Fiquei um tempo sumida não por falta de assunto, mas por falta de tempo. Cheguei de viagem no domingo a noite e segunda cedo já comecei a trabalhar. Desde então minha rotina tem estado muito corrida e eu, bastante cansada. Porém, hoje algo me motivou a escrever de uma forma inexplicável.

Durante toda minha vida de Chazit, que já tem nove anos, o que aprendi de mais importante é que o modo mais eficaz de educar não é passando conteúdos ou incitando questionamentos, mas sendo um exemplo. Desde que passei a acreditar nessa premissa, tento ao máximo agir no meu cotidiano de maneira consciente e de forma que outros possam olhar para mim e refletir sobre o motivo pelo qual eu faço certas coisas e por que elas fazem diferente ou fazem igual.

Dentro da Chazit já senti muitos resultados em relação a isso. Afinal, durante todos os meus sábados, por três anos, eduquei de acordo com ideias que eu acredito totalmente.

Hoje, porém, senti um impacto direto de "ser um exemplo" na minha vida como "pessoa que almejo ser", e não só como ativista de um movimento juvenil.

Entrei nos comentários do meu blog sem esperar encontrar nada, afinal, não postava há bastante tempo. Encontrei dois comentários: um no meu mais recente post, sobre livros, e o outro em um post mais antigo, de 19 de outubro.

O segundo comentário é da Bianca, e, no fim de tudo que me contou, me pediu um conselho e o meu maior conselho é: vai, e se der medo, vai com medo mesmo!

Bianca, só pelo seu comentário já deu pra notar que você escreve super bem, além de ser uma menina determinada e sensível, o que pode ser seu grande trunfo ou um problema para si mesma.

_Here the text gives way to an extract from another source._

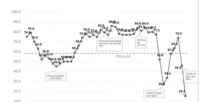 Chỉ số môi trường kinh doanh (BCI) đạt 15,2 điểm, mức thấp nhất trong 10 năm qua. Đây là kết quả khảo sát BCI trong thời gian phong toả, giãn cách xã hội do Hiệp hội Doanh nghiệp châu Âu tại Việt Nam (Eurocham) tiến hành từ 2.000 doanh nghiệp (DN) thành viên.

Acredito que a ESPM vai te ensinar mais do que jornalismo. Vai te ensinar, também, a respeitar a individualidade das pessoas, inclusive a sua. É verdade, tem muita gente diferente lá e, talvez, você não se dê com todo mundo, mas posso prometer que em nenhum lugar isso aconteceria.

Parabéns por ter passado nessas duas gigantes da comunicação e por ter conseguido bolsa, não é pra qualquer um. Agora, acredita e chega de mente e sorriso aberto. Assim, não tem erro.

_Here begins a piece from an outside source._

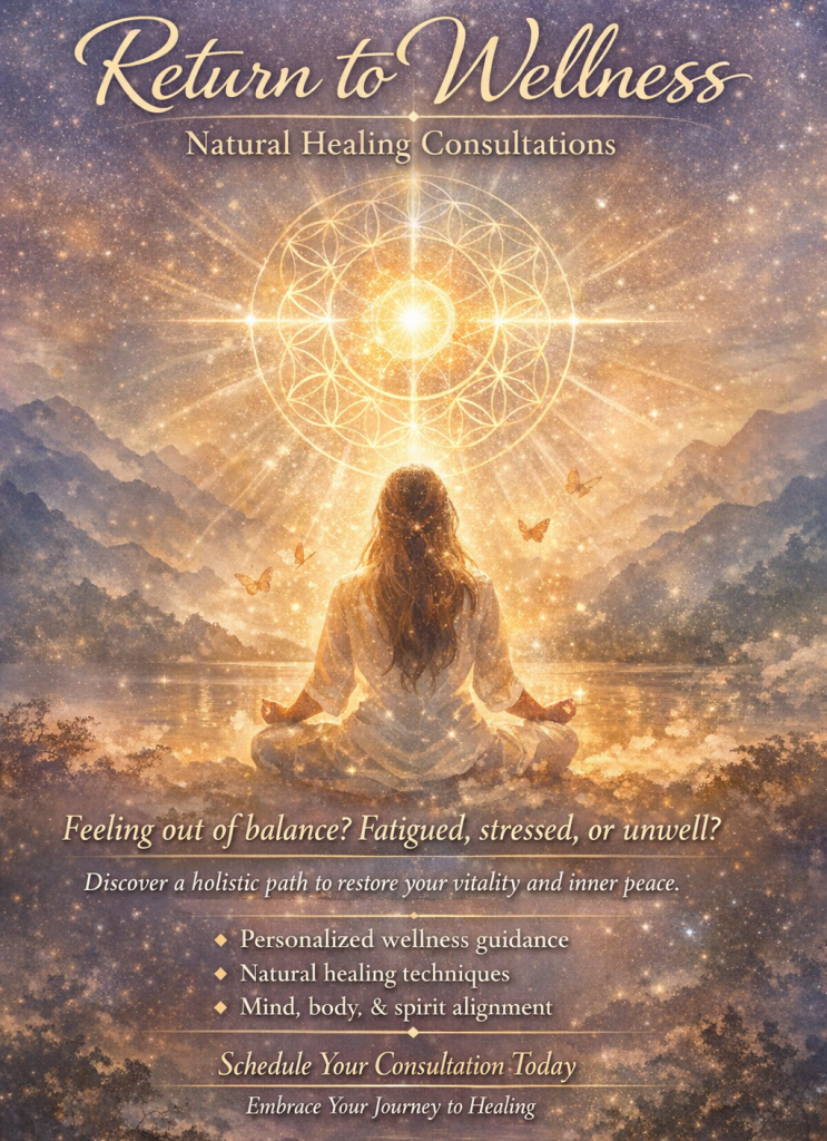 “Return to Wholeness” is an invitation to pause, recalibrate, and consciously realign your body, mind, and inner rhythm through a personalized well-being consultation designed to support clarity, resilience, and balanced living in a world that constantly pulls you outward. In a culture of overstimulation and unconscious consumption, many seekers feel fatigued, scattered, or disconnected from

Obrigada por esse comentário, por ter mudado meu dia para MUITO melhor, pelas lindas palavras e, principalmente, pela confiança.

Sem dúvidas hoje, depois de ler seu comentário, me sinto muito mais gratificada pela coragem e vontade de escrever para quem quiser ler. Acredito mais em mim mesma, mais que ontem e, para terminar o clichê, espero que menos que amanhã.

Boa sorte, Bianca! Espero sempre ser um exemplo e apoio para você.

Talvez não existam livros ruins.

Só livros que não são para nós. Mas são para outra pessoa.

Talvez alguns livros tenham muito a nos dizer, talvez, criemos uma relação de amizade e confiança que encham os olhos de lágrimas quando o laço se finda junto com a páginas, que, infelizmente, são sempre limitadas.

Talvez livros sejam como pessoas, que vem e vão, e alguns fazem mais o nosso tipo.

Ninguém é obrigado a gostar de todo mundo por ai, assim como não é obrigado a gostar de todos os livros.

Mesmo que todos os outros falem bem. Mesmo que o autor seja renomado.

Por outro lado, tem gente que alguém não gosta. E nós acabamos gostando.

Que atire a primeira pedra quem nunca teve vergonha de falar que adorou um livro que o melhor amigo odiou.

Gosto é gosto. Cada livro é um, e cada um nós também.

Às vezes nos encontramos, encaixa. Aquela história, aquele relato, é tudo que precisamos.

Às vezes não.

Mas o importante é ir tentando. Um livro pode nos decepcionar.

Será isso motivo suficiente para assinar a carta de demissão do cargo de leitor?

Tem tantos outros peixes no mar.

E tantos outros livros nas livrarias. E nos sebos. E dos nossos amigos. E de pessoas que admiramos.

Cada livro tem uma vida por trás, que nem nós.

Às vezes nos identificamos.

Às vezes não.

Porém, quando achamos um livro que muda a vida, dá vontade de ficar com ele pra sempre.

Ler e reler e ler mais uma vez, pra poder dizer que "releu de novo".

E quando achamos dá sede. Sede de achar outro que te faça sentir assim.

Ruim é que os livros podem ser como as pessoas: algumas nos decepcionam.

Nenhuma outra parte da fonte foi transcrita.